WHAT YOU NEED TO DO = In the listing below, locate the line that contains "Cumhurbaşkanlığına ait uçaklar, Kahramanmaraş" and the line that contains "6 порций Вкусный". Restate word for word those two lines and every line between them, and nothing else.

++++ RECORDS SUPPLIED

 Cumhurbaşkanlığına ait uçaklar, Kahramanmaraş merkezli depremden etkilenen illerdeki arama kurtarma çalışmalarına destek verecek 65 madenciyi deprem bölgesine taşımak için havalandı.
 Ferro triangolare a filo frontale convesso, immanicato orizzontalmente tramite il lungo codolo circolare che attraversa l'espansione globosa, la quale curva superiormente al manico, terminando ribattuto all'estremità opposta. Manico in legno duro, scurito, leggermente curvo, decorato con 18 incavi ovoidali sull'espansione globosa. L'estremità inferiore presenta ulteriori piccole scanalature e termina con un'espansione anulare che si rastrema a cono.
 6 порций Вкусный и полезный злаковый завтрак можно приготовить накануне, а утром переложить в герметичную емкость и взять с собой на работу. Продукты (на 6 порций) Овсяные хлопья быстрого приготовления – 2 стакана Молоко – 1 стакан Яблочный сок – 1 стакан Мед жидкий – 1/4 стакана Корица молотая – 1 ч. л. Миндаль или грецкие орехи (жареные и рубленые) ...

++++++++
++++ RECORDS SUPPLIED

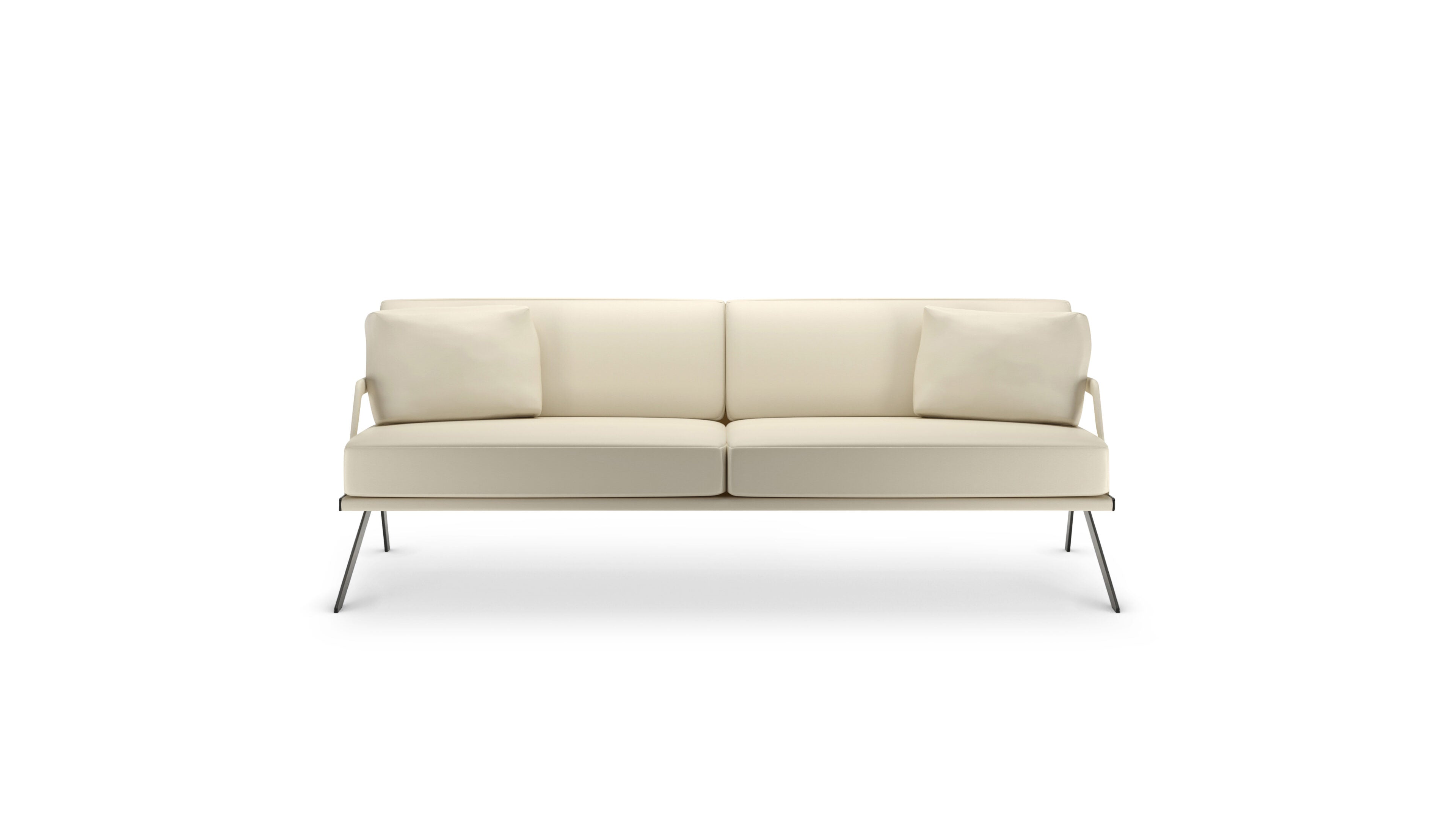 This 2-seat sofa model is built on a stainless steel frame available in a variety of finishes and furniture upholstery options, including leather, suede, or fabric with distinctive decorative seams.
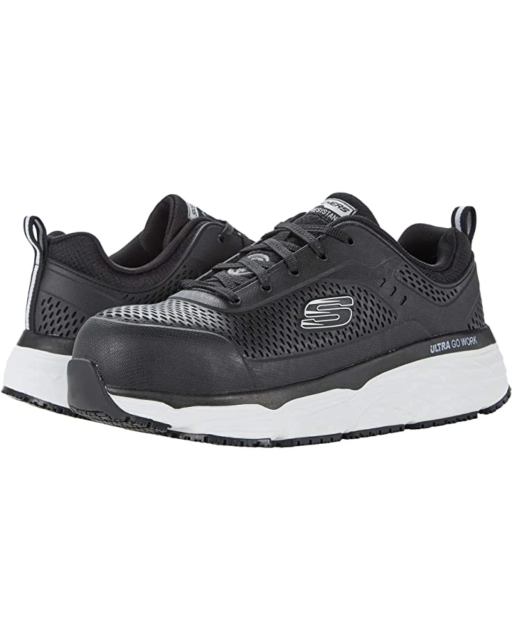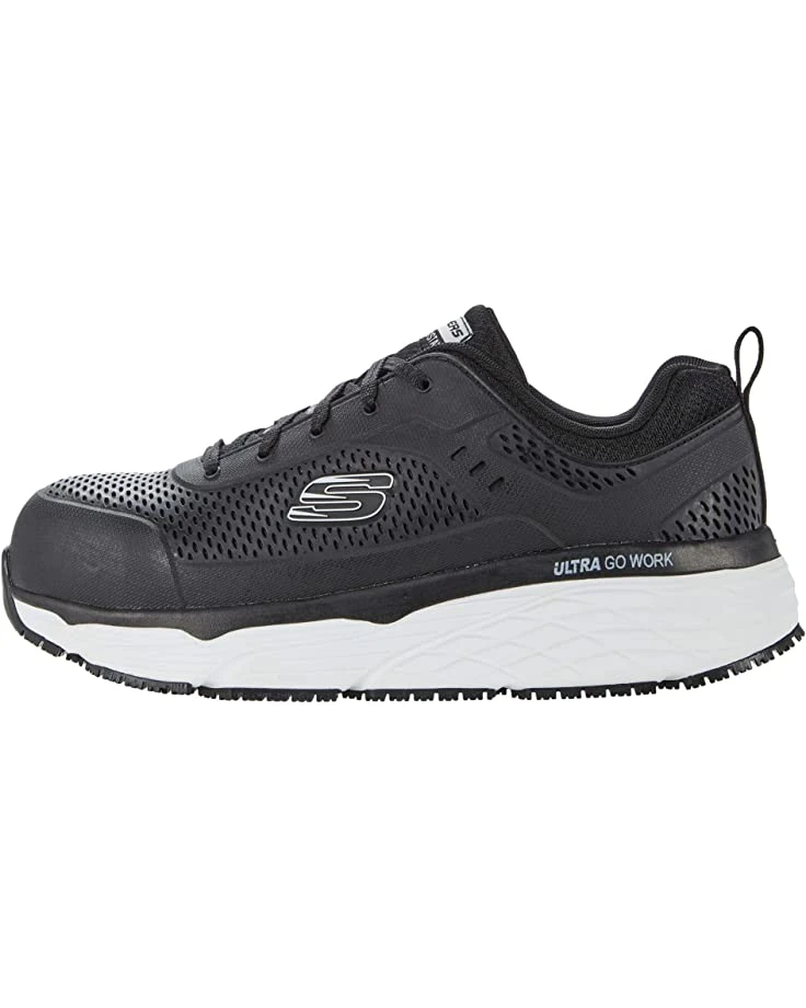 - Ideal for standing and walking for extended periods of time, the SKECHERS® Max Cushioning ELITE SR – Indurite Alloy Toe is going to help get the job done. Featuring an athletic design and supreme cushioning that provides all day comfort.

++++++++

EXERCISE ANSWER =
 Cumhurbaşkanlığına ait uçaklar, Kahramanmaraş merkezli depremden etkilenen illerdeki arama kurtarma çalışmalarına destek verecek 65 madenciyi deprem bölgesine taşımak için havalandı.
 Ferro triangolare a filo frontale convesso, immanicato orizzontalmente tramite il lungo codolo circolare che attraversa l'espansione globosa, la quale curva superiormente al manico, terminando ribattuto all'estremità opposta. Manico in legno duro, scurito, leggermente curvo, decorato con 18 incavi ovoidali sull'espansione globosa. L'estremità inferiore presenta ulteriori piccole scanalature e termina con un'espansione anulare che si rastrema a cono.
 6 порций Вкусный и полезный злаковый завтрак можно приготовить накануне, а утром переложить в герметичную емкость и взять с собой на работу. Продукты (на 6 порций) Овсяные хлопья быстрого приготовления – 2 стакана Молоко – 1 стакан Яблочный сок – 1 стакан Мед жидкий – 1/4 стакана Корица молотая – 1 ч. л. Миндаль или грецкие орехи (жареные и рубленые) ...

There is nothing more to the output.